**Activity:** Working from the start of the listing, please write out exactly the lines through the one that holds "Deze Vallejo Acrylic", both included, and omit all pictures.

══════

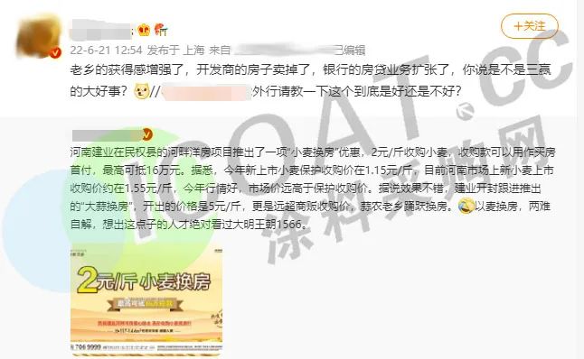 与此同时,在山东菏泽曹县,鸿基地产也在曹州壹号项目推出“成功购房,自家小麦按为2元/斤由项目收购并冲抵房款”活动。
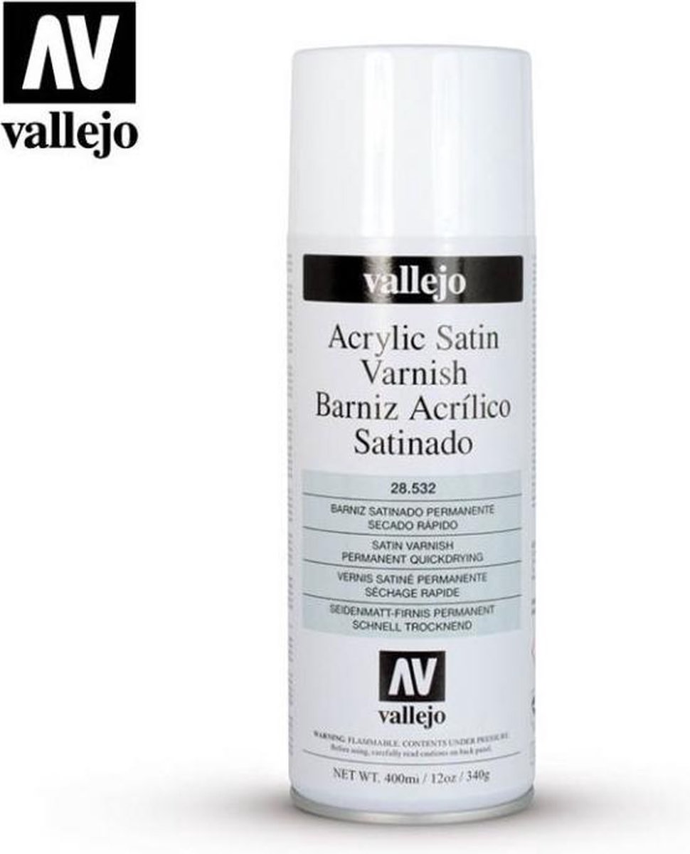 Deze Vallejo Acrylic Satin Varnish is een zijdeglans vernis in een spuitbus van 400ml. De vernis is eenvoudig aan te brengen. Als u meerdere dunne lagen wilt aanbrengen adviseren wij u dit te doen met een interval van 30 min.
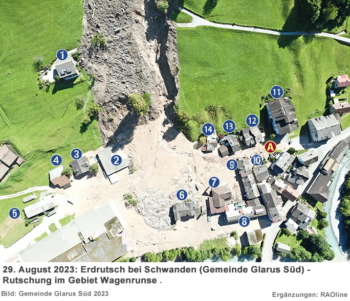 30.08.2023,14.00 Uhr Erdrutsch in Schwanden Nach Schätzungen sind rund 30'000 Kubikmeter Material abgerutscht. Es liegen noch weitere 60'000 bis 90'000 Kubikmeter im Hang oben. Angaben über das Ausmass von Sachschäden sind zurzeit noch nicht möglich; nach ersten Erkenntnissen sind 38 Liegenschaften verschü̈ttet oder zerstört - das Ausmass dehnt sich laufend aus. Das evakuierte Gebiet betrifft rund 100 Personen. Sie sind temporär untergebracht. Die Gemeinde sucht derzeit in Zusammenarbeit mit Glarnerland Tourismus nach Unterkü̈nften fü̈r mehrere Tage. «Unsere Einsatzkräfte sind rund um die Uhr gefordert. Leider mussten wir aus Sicherheitsgrü̈nden vielen Personen den Zutritt zu ihrem Heim auf unbestimmte Zeit entziehen», bedauert Gemeindepräsident Hans Rudolf Forrer. Und er ergänzt: «Was es im Einzelfall bedeutet, ist für Aussenstehende kaum nachvollziehbar. Doch dank den rechtzeitigen Evakuationen, kam es bisher zu keinem Personenschaden.»
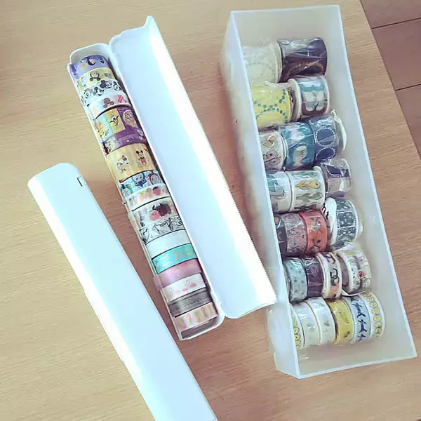 マスキングテープにホコリが付いてしまうのが気になる方にオススメなのが、「ラップケース」です。h.t.さんは、セリアのラップケースにマスキングテープを収納されていました。サイズもぴったりで、ケースに入れたまま刃を使ってカットできますよ。実用性バッチリで、見た目もきれいですね。
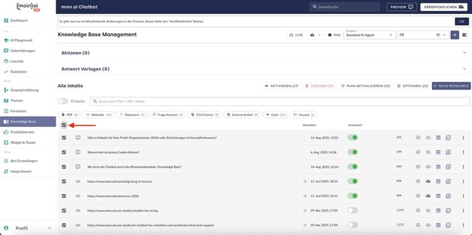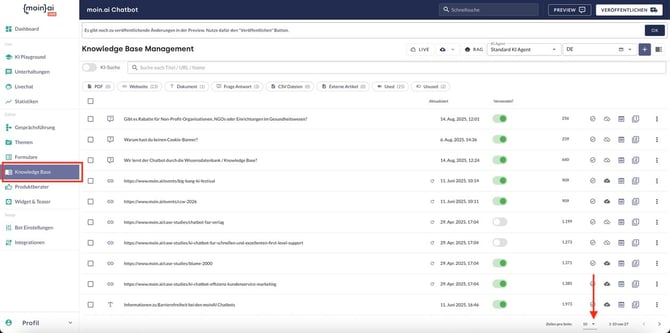 1. Alle Ressourcen auswählen:- Im Menü Knowledge Base wird unten rechts “Zeilen pro Seite: alle" eingestellt.

══════

**The completed task:**
 与此同时,在山东菏泽曹县,鸿基地产也在曹州壹号项目推出“成功购房,自家小麦按为2元/斤由项目收购并冲抵房款”活动。
 Deze Vallejo Acrylic Satin Varnish is een zijdeglans vernis in een spuitbus van 400ml. De vernis is eenvoudig aan te brengen. Als u meerdere dunne lagen wilt aanbrengen adviseren wij u dit te doen met een interval van 30 min.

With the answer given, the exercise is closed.